Then, the pusher member 24 may be driven for a further portion of its possible motion by a continued amount of operation of the lever 12, when the bending lever 26 becomes caught with its lower fork portion 26a by a pin 26b set between. the two body members 10a and 10b so that the lever 26 is pivotally moved in the direction shown by an arrow G, whereby the element M(Ma) supported on the guide surface 29a can be bent or double folded and fastened as shown in FIGS. 4 and 7.

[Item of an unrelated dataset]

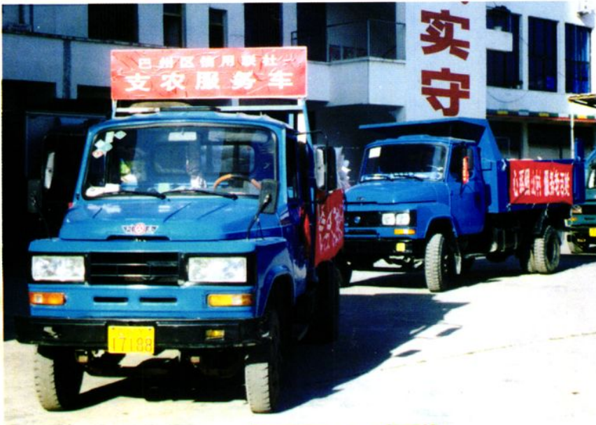
联社开展经常性的资金、物质、信息“三下乡”活动，为农民捐助急需的农用物资。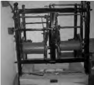
Deze klok staat onder in de toren van de Martinuskerk te Markelo

Upon completion of the fastening of the element and accordingly of the tying or banding operation, the gripping at the operation lever 12 may be released, when the condition shown in FIG. 5 may be restored. As the pusher member 24 returns to its position shown in FIG. 8 (B), the element support member 37 is rotated in the clock-wise direction in the same FIG. 8 (B) and the feeder member 37a at the front end of the support member 37 functions to send the element Ma located on the guide surface 29b in FIG. 8 (D) to the position of the element M in FIG. 8 (B). At the same time, that is, as a result of rotation as above of the element support member 37, the element assembly M' is fed by the distance corresponding to the inter-element pitch onto the guide surface 29b by the function of the feed claw member 40.
(D) Removal of Element Assembly:
Upon completion or interruption of the banding operation, it may occur that it is necessary to remove any unused elements of the loaded element-assembly out of the machine, and in that event, the U-shaped release lever 39 may be pressed toward the nose end of the apparatus by a finger, whereby the projection member 41 will be moved toward up so as to be out of operation and also the feed claw member 40 mounted to the element support member 37 will be lowered below the guide surface 29a. Now that no longer operative are the projection member 41 which in operation will prevent the element assembly M' from being moved in the backward direction, namely in the opposite direction to that in which it was fed and the feed claw member 40 which in operation will feed the assembly M', it can be operated with ease to pull the unused portion of the element-assembly M' out of the machine.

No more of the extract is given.